■ Assigned task
With pictures left out, set down exactly the lines from the line containing "A Lyon tous" through the last line of the data.

*** Opening of Records provided ***

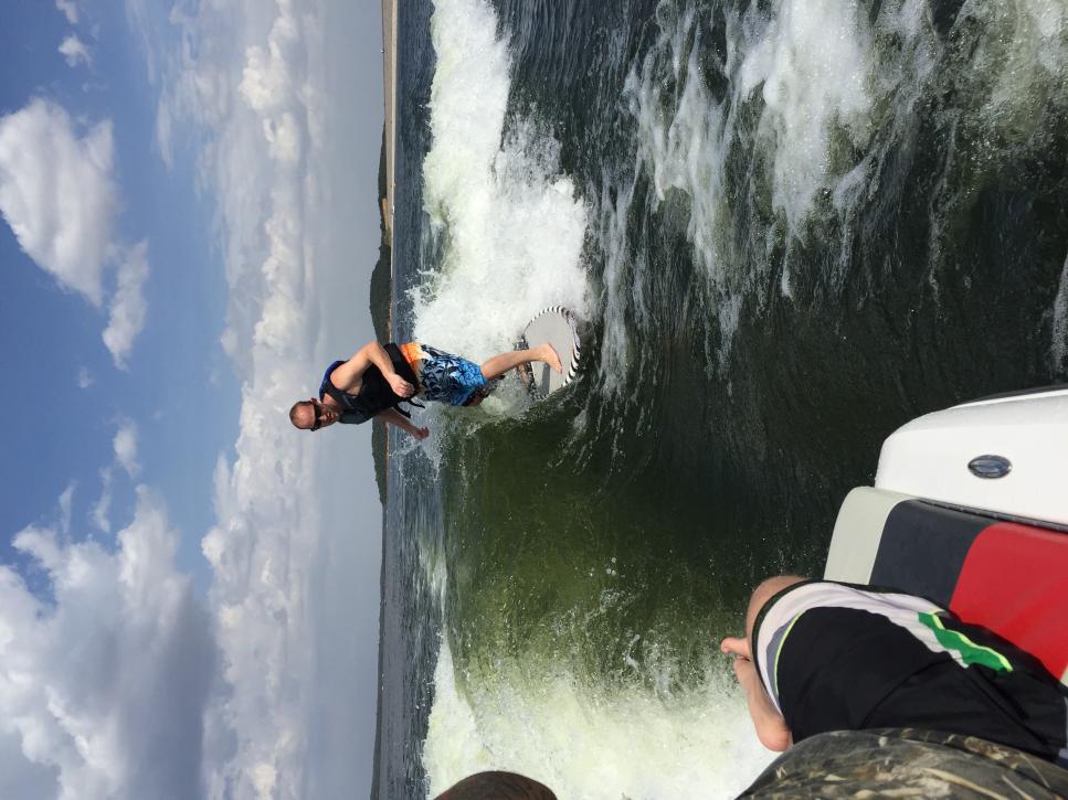 here's a shot of a friend out behind the boat with me driving, we lost almost all the curl at the front of the wave, sever loss of push.. any recommendations?
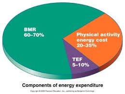 Basal Metabolic Rate (BMR) is the rate of energy expenditure by the body when performing its necessary but mostly unseen functions. This the metabolic activity that supports the basic processes of life. Think of these as the calories you would burn if you simply sat in bed all day and watched TV. You need this energy to breath, pump blood, maintain body temperature, make new cells, maintain organ function, etc… You might think that this would make up a relatively small portion of your daily total energy expenditure. You’d be wrong. Approximately 2/3 of the total energy a person expends each day simply goes to keeping the lights on.
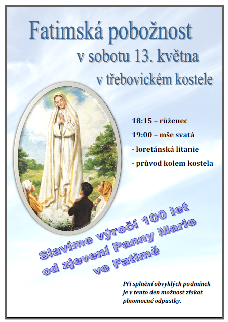 Fatimská pobožnost v sobotu 13. 5. 2017
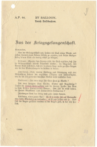 11 x 18 cm, used from August 1918 on, Code: A.P.66., printed on one side, distributed by ballon
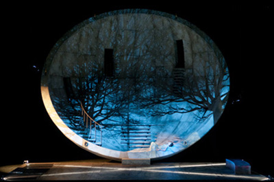 A Lyon tous les bonheurs au rendez-vous : loin des inutiles illustrations filmées du vidéaste Bill Viola à l’Opéra de Paris en 2005, très proche en revanche de la poésie visionnaire d’Olivier Py qui en fit à Genève et à Angers une inoubliable mise en images et en émotions. (webthea des 14 avril 2005 et 13 mai 2009), Alex Ollé et Alfons Florès son décorateur ont inventé trois espaces à la fois mouvants et immobiles qui localisent et habitent les trois actes.
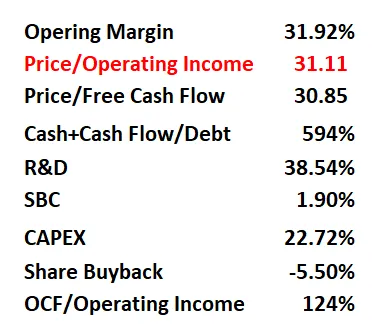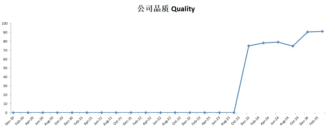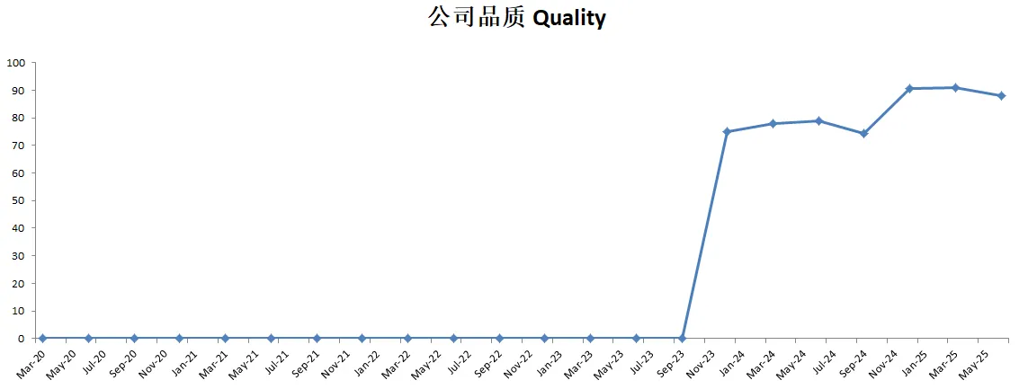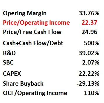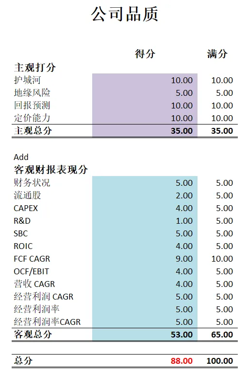 -最新财报之后,公司品质分为88,分数仍然非常高。在我的观察单中,仍然可以排到第三。公司R&D开支非常大,这个季度公司也是加大了科研投入。所以这个项目上得分很低。其他项目上公司表现可以用优异来形容。另外值得注意的是,这个季度,公司股份回购力度翻了2倍。

*** Close of Records provided ***

■ Answer section
 A Lyon tous les bonheurs au rendez-vous : loin des inutiles illustrations filmées du vidéaste Bill Viola à l’Opéra de Paris en 2005, très proche en revanche de la poésie visionnaire d’Olivier Py qui en fit à Genève et à Angers une inoubliable mise en images et en émotions. (webthea des 14 avril 2005 et 13 mai 2009), Alex Ollé et Alfons Florès son décorateur ont inventé trois espaces à la fois mouvants et immobiles qui localisent et habitent les trois actes.
 -最新财报之后,公司品质分为88,分数仍然非常高。在我的观察单中,仍然可以排到第三。公司R&D开支非常大,这个季度公司也是加大了科研投入。所以这个项目上得分很低。其他项目上公司表现可以用优异来形容。另外值得注意的是,这个季度,公司股份回购力度翻了2倍。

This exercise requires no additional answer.